Required work: Print what the records say exactly, and omit the pictures.

Supplied records:
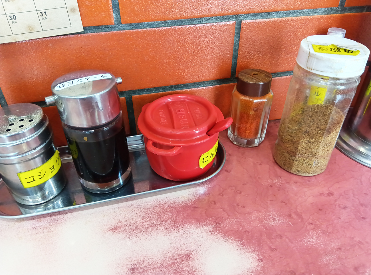 「お好みで魚粉をかけてください」とのことなので、卓上の調味料を見たところ、確かに鰹節粉みたいな粉がある。また、その他にも、にんにく、コショウ、ラーメンだれ、香辛料があった。まずは、何もかけずに食べてみたところ……
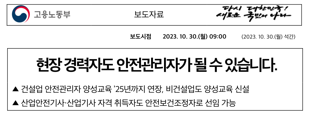 고용노동부(장관 이정식)는 현장 안전관리자 및 안전보건조정자 선임에 관한 산업안전보건법 시행령 개정안을 2023년 10월 30일부터 12월 9일까지 입법예고했습니다.
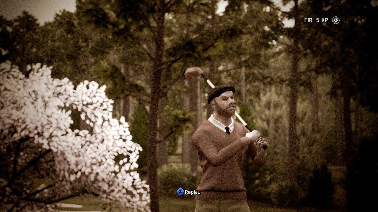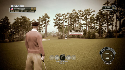 Tiger Woods 14 had a historical gimmick in all versions of the game. The big draw was being able to face off against historical golfers in their prime, like Nicklaus and Palmer. The Masters Historic Edition, though, includes some additional historic courses to go with it, such as the 1934 version of Augusta National, complete with sepia film-grain effects and vintage Proper Golfing Attire. One thing I was not expecting them to commit to, though, is the obsolete golf clubs. Rather than the modern nomenclature of Woods and Irons with numbers, Augusta 1934 outfits your golfer - regardless of their already chosen equipment - with the big pants, sweater vest, and an array of clubs with names like "niblick," "spade mashie," and "cleek." I'd always thought Golf Story was joking about those, but nah, you absolutely do need to choose between your brassie or your spoon when estimating the distance of your next shot.
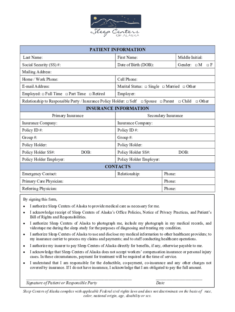 PATIENT INFORMATION Last Name:First Name:Middle Initial:Social Security (SS) #:Date of Birth (DOB):Gender: MFM ailing Address: Home / Work Phone:Cell Phone:Email Address:Marital Status: Single Married
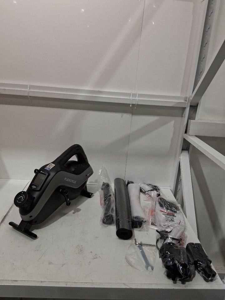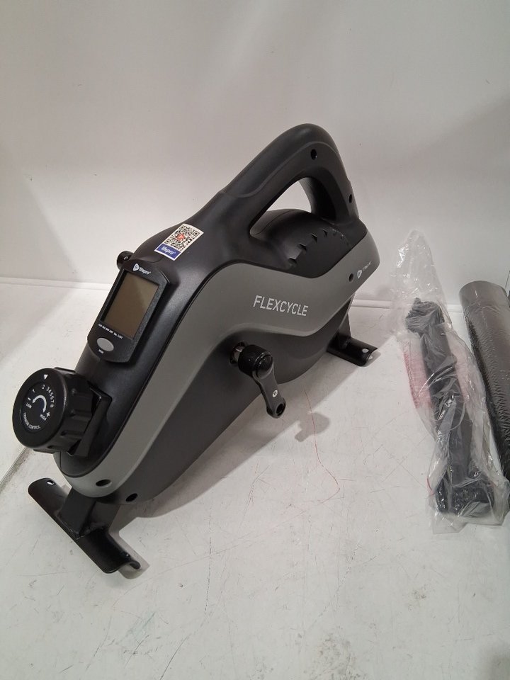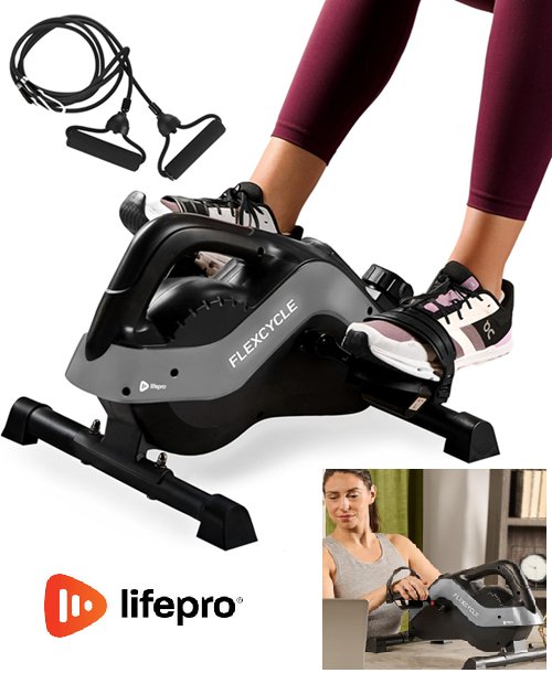 LIFE PRO UNDER DESK FLEXCYCLE STATIONARY MAGNETIC EXERCISE BIKE WITH LCD MONITOR & RESISTANCE BANDS FOR ARM & LEGS - grey/BLACK (MODEL: LP-FLXCPLS-gry)
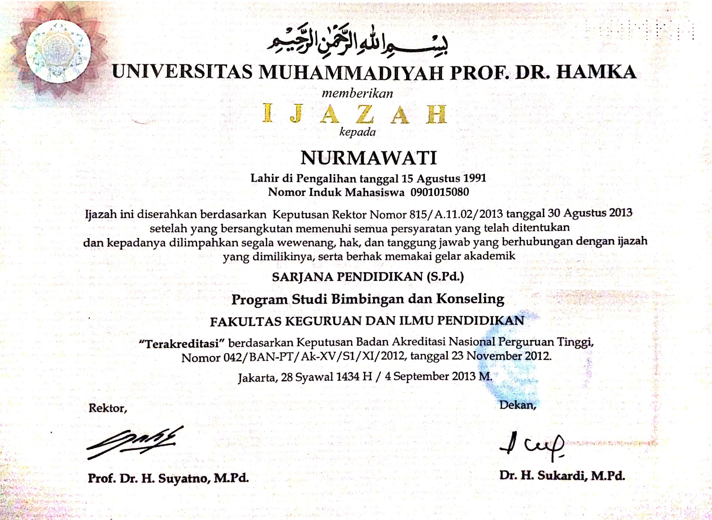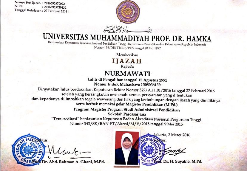 Nurmawati, Nurmawati Ijazah dan Transkrip Nurmawati. [Image] (Unpublished)
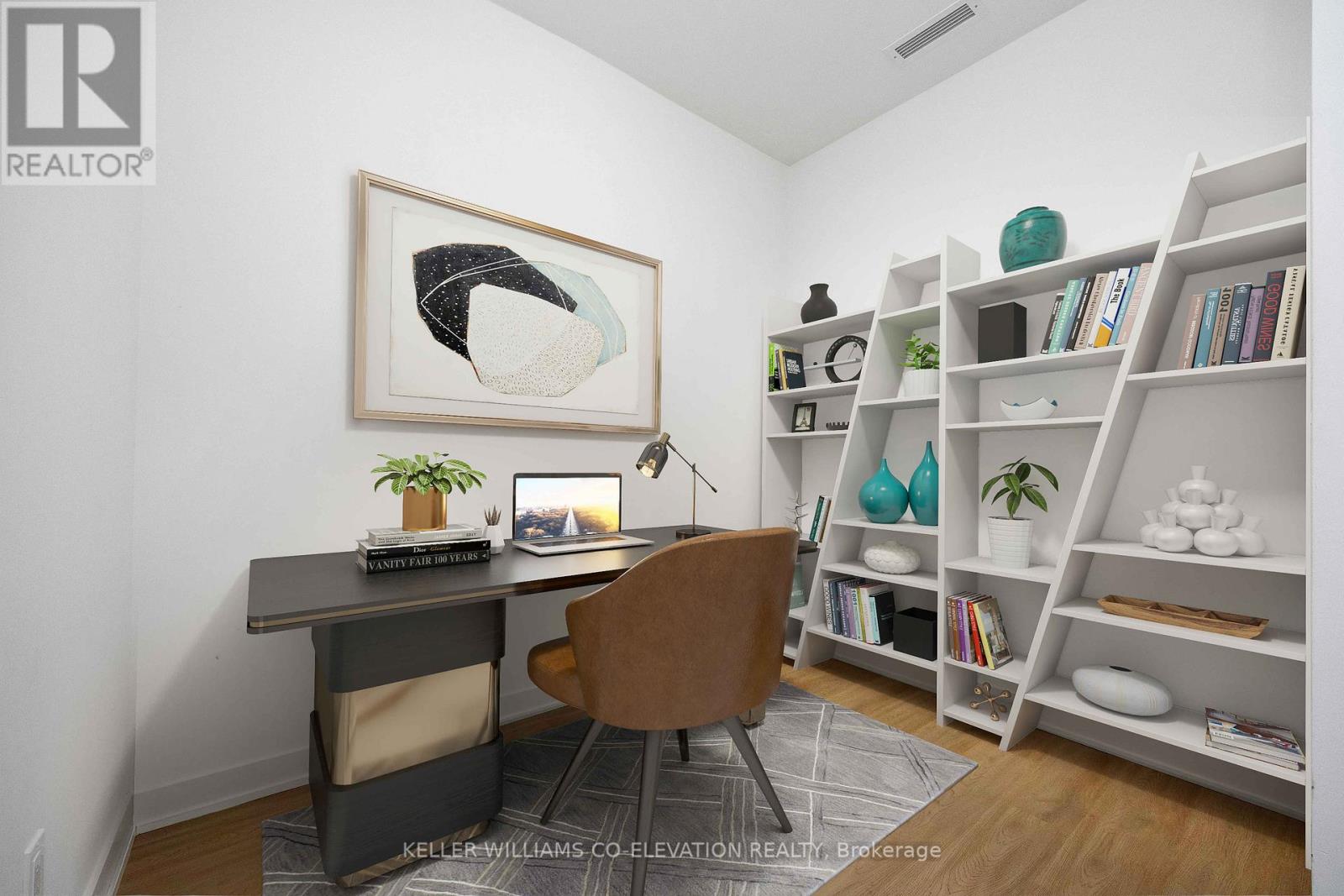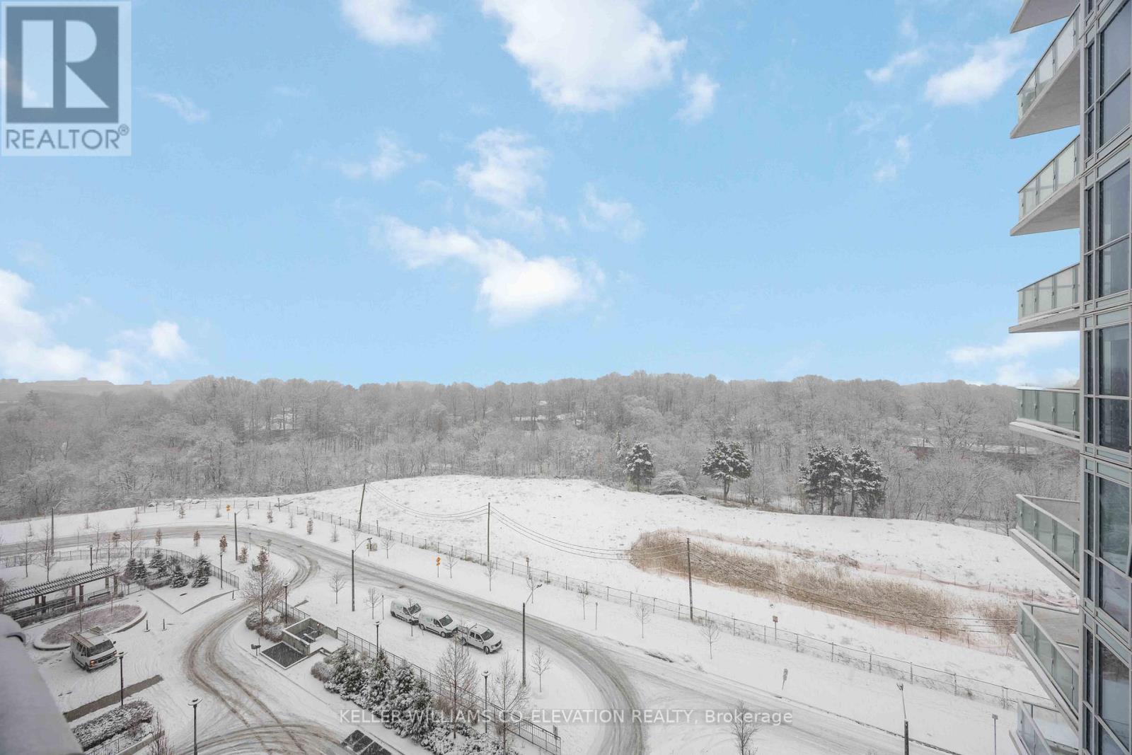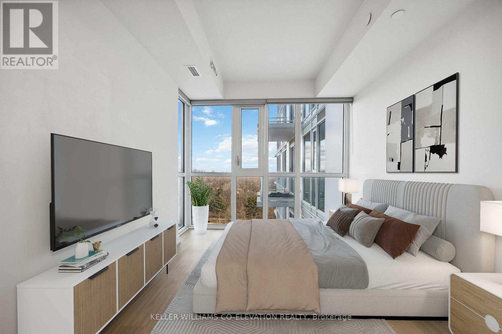 Welcome to Ravine Condos! A stylish modern community surrounded by greenery and exceptional convenience. This beautiful one-bedroom plus den suite offers a bright and functional layout with contemporary finishes throughout. The open concept living and dining area is filled with natural light from its beautiful South facing exposure, providing an inviting space to relax or entertain. The sleek kitchen features full sized stainless steel appliances, quartz countertops, and ample storage. The spacious bedroom incudes a large window and generous closet space, while the separate den is perfect for a home office or guest space. Two well appointed washrooms add comfort and practicality, making this suite ideal for modern living. Freshly painted and upgrades include backsplash, bathroom cabinetry, and lighting. Ravine condos offers a collection of premium amenities including a fitness centre, kids playroom, party room, outdoor terrace on the 13th floor, and 23 hour concierge service for added security. Conveniently located near transit, shopping, parks, and easy access to the DVP, 401 and a TTC stop right at your doorstep. This home combines style, comfort, and outstanding value. A beautiful opportunity to own in a growing and sought after community. Move in and enjoy! One parking spot included. Please note some of the photos are virtually staged. (id:4555)

Output of the exercise:
 「お好みで魚粉をかけてください」とのことなので、卓上の調味料を見たところ、確かに鰹節粉みたいな粉がある。また、その他にも、にんにく、コショウ、ラーメンだれ、香辛料があった。まずは、何もかけずに食べてみたところ……
 고용노동부(장관 이정식)는 현장 안전관리자 및 안전보건조정자 선임에 관한 산업안전보건법 시행령 개정안을 2023년 10월 30일부터 12월 9일까지 입법예고했습니다.
 Tiger Woods 14 had a historical gimmick in all versions of the game. The big draw was being able to face off against historical golfers in their prime, like Nicklaus and Palmer. The Masters Historic Edition, though, includes some additional historic courses to go with it, such as the 1934 version of Augusta National, complete with sepia film-grain effects and vintage Proper Golfing Attire. One thing I was not expecting them to commit to, though, is the obsolete golf clubs. Rather than the modern nomenclature of Woods and Irons with numbers, Augusta 1934 outfits your golfer - regardless of their already chosen equipment - with the big pants, sweater vest, and an array of clubs with names like "niblick," "spade mashie," and "cleek." I'd always thought Golf Story was joking about those, but nah, you absolutely do need to choose between your brassie or your spoon when estimating the distance of your next shot.
 PATIENT INFORMATION Last Name:First Name:Middle Initial:Social Security (SS) #:Date of Birth (DOB):Gender: MFM ailing Address: Home / Work Phone:Cell Phone:Email Address:Marital Status: Single Married
 LIFE PRO UNDER DESK FLEXCYCLE STATIONARY MAGNETIC EXERCISE BIKE WITH LCD MONITOR & RESISTANCE BANDS FOR ARM & LEGS - grey/BLACK (MODEL: LP-FLXCPLS-gry)
 Nurmawati, Nurmawati Ijazah dan Transkrip Nurmawati. [Image] (Unpublished)
 Welcome to Ravine Condos! A stylish modern community surrounded by greenery and exceptional convenience. This beautiful one-bedroom plus den suite offers a bright and functional layout with contemporary finishes throughout. The open concept living and dining area is filled with natural light from its beautiful South facing exposure, providing an inviting space to relax or entertain. The sleek kitchen features full sized stainless steel appliances, quartz countertops, and ample storage. The spacious bedroom incudes a large window and generous closet space, while the separate den is perfect for a home office or guest space. Two well appointed washrooms add comfort and practicality, making this suite ideal for modern living. Freshly painted and upgrades include backsplash, bathroom cabinetry, and lighting. Ravine condos offers a collection of premium amenities including a fitness centre, kids playroom, party room, outdoor terrace on the 13th floor, and 23 hour concierge service for added security. Conveniently located near transit, shopping, parks, and easy access to the DVP, 401 and a TTC stop right at your doorstep. This home combines style, comfort, and outstanding value. A beautiful opportunity to own in a growing and sought after community. Move in and enjoy! One parking spot included. Please note some of the photos are virtually staged. (id:4555)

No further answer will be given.